Description of the task: Drop the images. Copy every line below character for character.

Provided material:

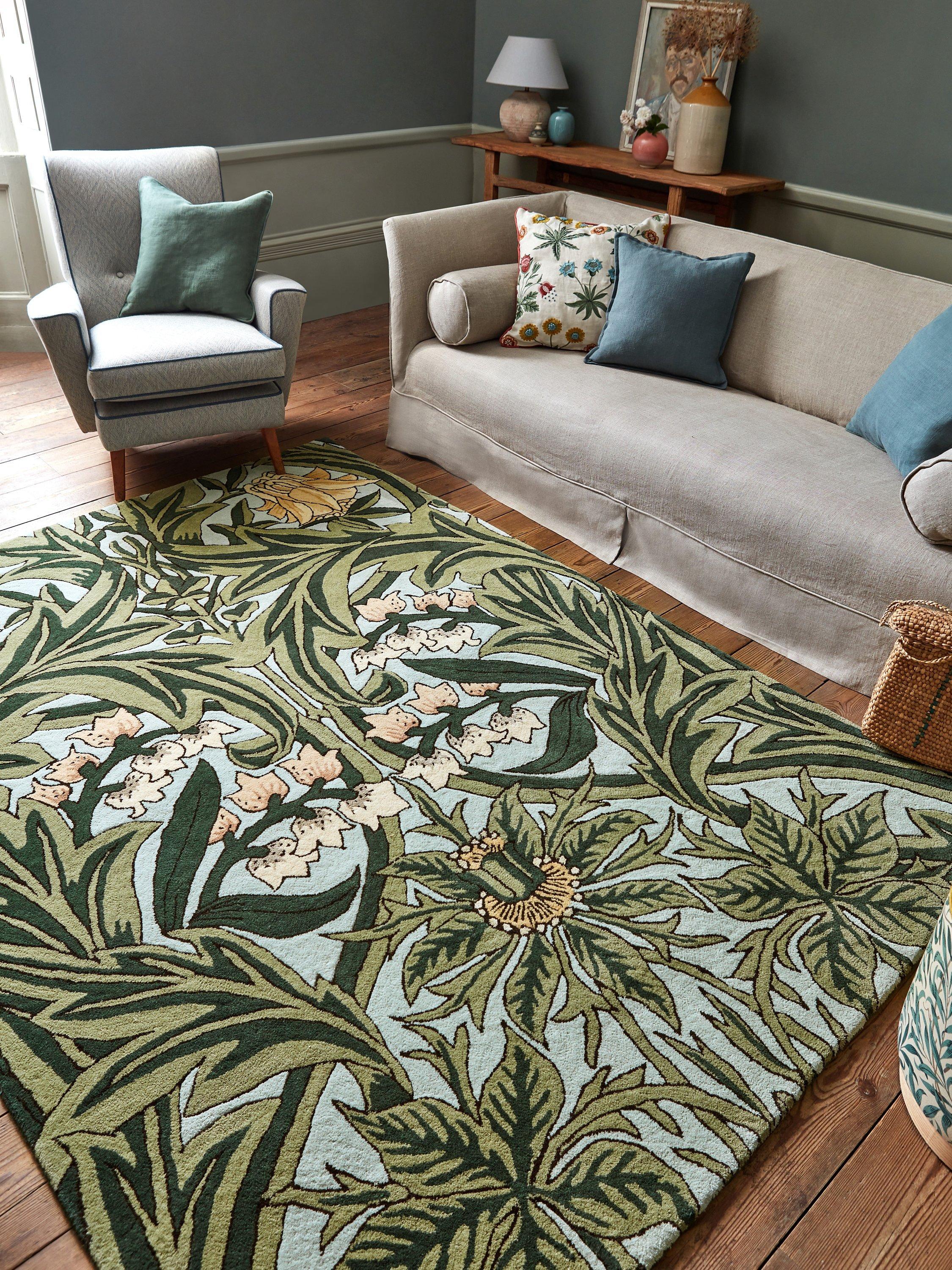 Hugely striking and angular, Bluebell is an 1876 William Morris design that takes as its subject the charming bluebell flower. Known for carpeting forest floors in spring, this beautifully hand-tufted rug offers great symmetry to any room.
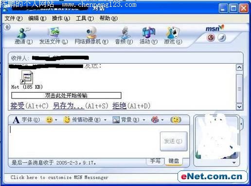 网络安全软件和服务领域的世界领导者----趋势科技(纳斯达克代码:TMIC;东京证交所代码:4704)今天清晨发布了一个MSN病毒警报—WORM_BROPIA.F剥皮虫病毒。趋势科技今天一早就收到了很多网友的求救。可能的附件名称有:underware.pif, webcam.pif, hot.pif, LAMO.exe,naked_drunk, LOL.scr等。该病毒通过msn传播时,也使用的是常见的社会工程学手法,比如有些使用的文件名字具有很强的色情味道,诱使客户接受并执行病毒传送的文件。请不幸中毒的网友尽早到趋势科技网站下载专杀工具:http://support.trendmicro.com.cn/2005/Anti-Virus/Tools/for-clean/special/WORM_BROPIA.F/TSC.zip
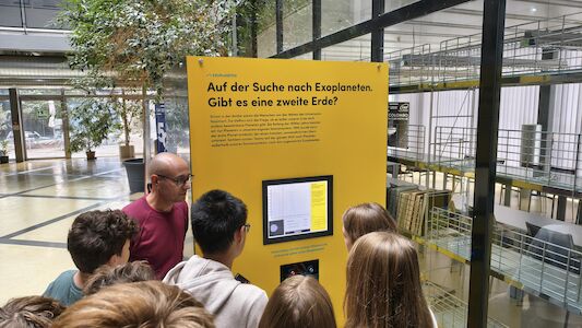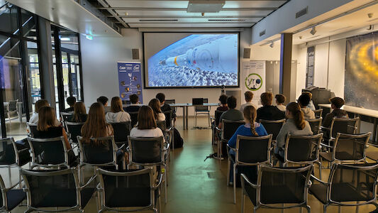 Im Anschluss wurde uns ein Video über die Mission Cheops zur Erforschung von Exoplaneten gezeigt. Daraufhin hat uns ein Wissenschaftler die Mission noch genauer erklärt.
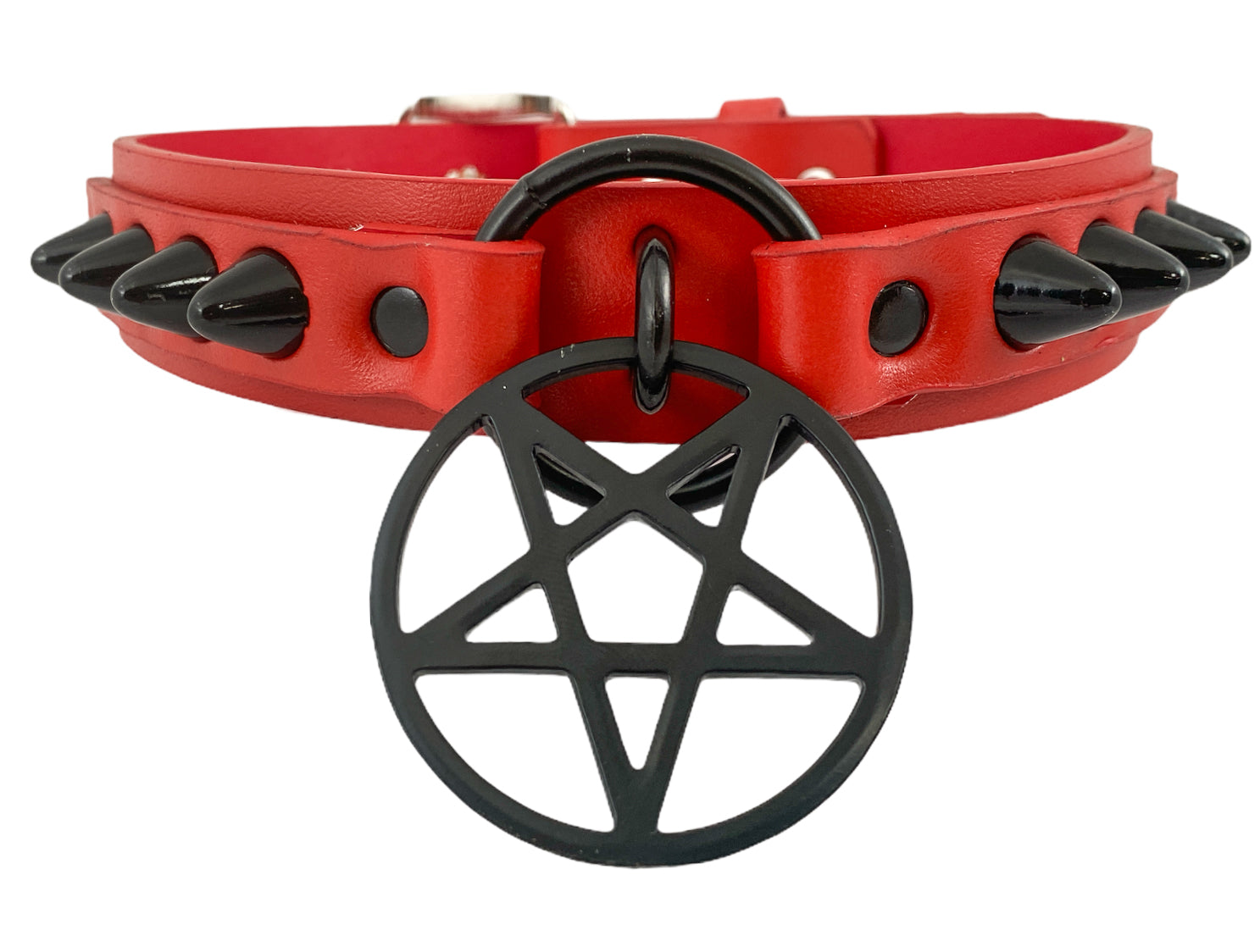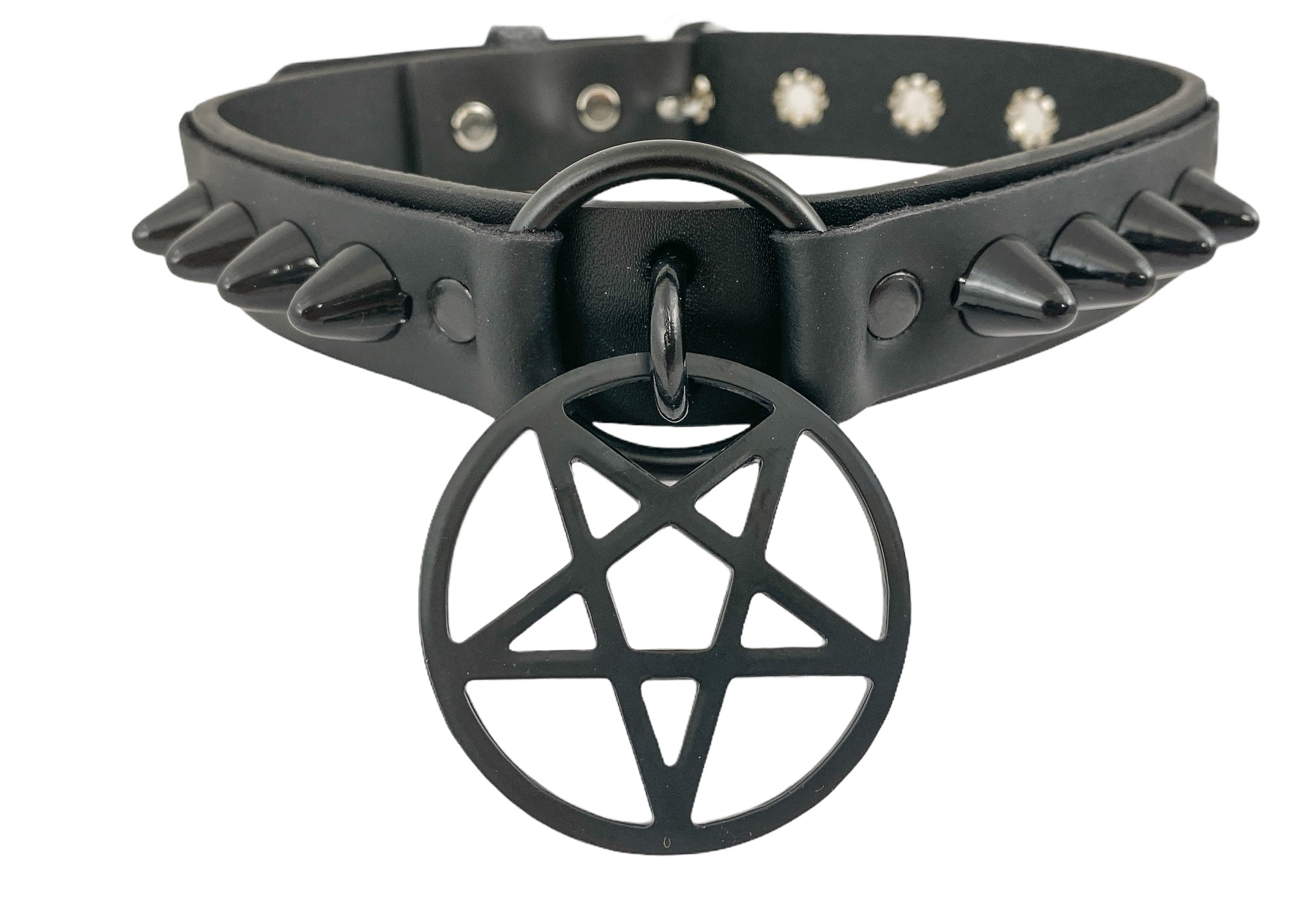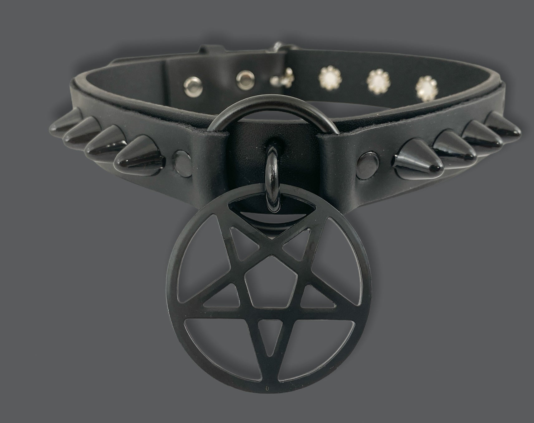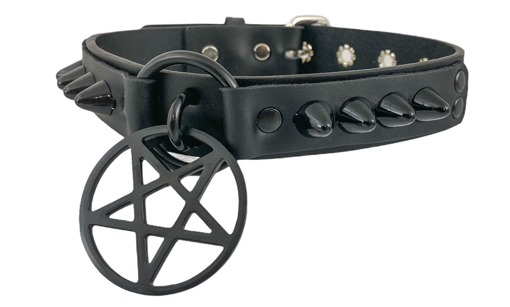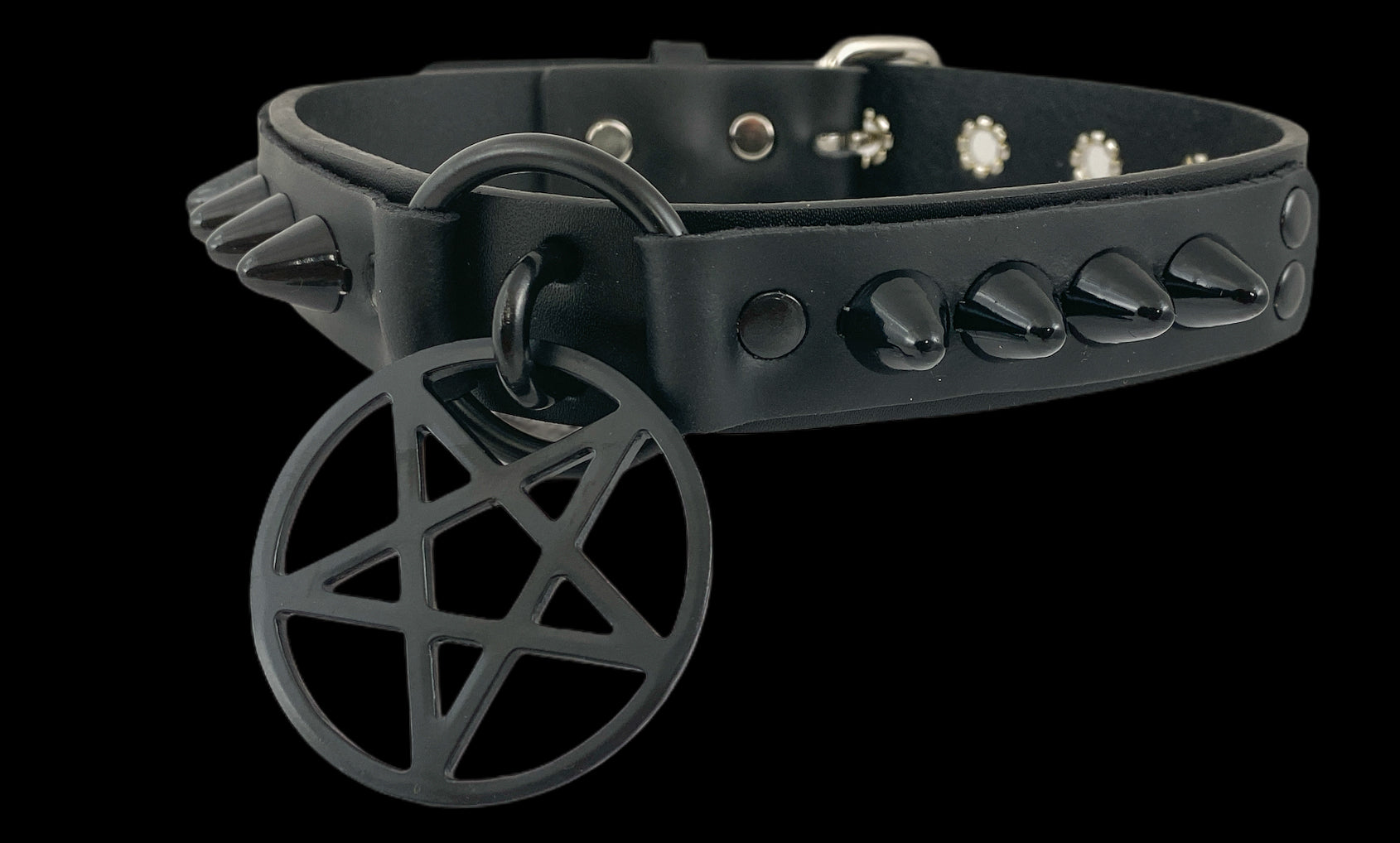 1 1/4" GENUINE-LEATHER CHOKER WITH U RING AND 2" STAINLESS STEEL PENTAGRAM RING AND UK 77 STUD

Finished exercise:
 Hugely striking and angular, Bluebell is an 1876 William Morris design that takes as its subject the charming bluebell flower. Known for carpeting forest floors in spring, this beautifully hand-tufted rug offers great symmetry to any room.
 网络安全软件和服务领域的世界领导者----趋势科技(纳斯达克代码:TMIC;东京证交所代码:4704)今天清晨发布了一个MSN病毒警报—WORM_BROPIA.F剥皮虫病毒。趋势科技今天一早就收到了很多网友的求救。可能的附件名称有:underware.pif, webcam.pif, hot.pif, LAMO.exe,naked_drunk, LOL.scr等。该病毒通过msn传播时,也使用的是常见的社会工程学手法,比如有些使用的文件名字具有很强的色情味道,诱使客户接受并执行病毒传送的文件。请不幸中毒的网友尽早到趋势科技网站下载专杀工具:http://support.trendmicro.com.cn/2005/Anti-Virus/Tools/for-clean/special/WORM_BROPIA.F/TSC.zip
 Im Anschluss wurde uns ein Video über die Mission Cheops zur Erforschung von Exoplaneten gezeigt. Daraufhin hat uns ein Wissenschaftler die Mission noch genauer erklärt.
 1 1/4" GENUINE-LEATHER CHOKER WITH U RING AND 2" STAINLESS STEEL PENTAGRAM RING AND UK 77 STUD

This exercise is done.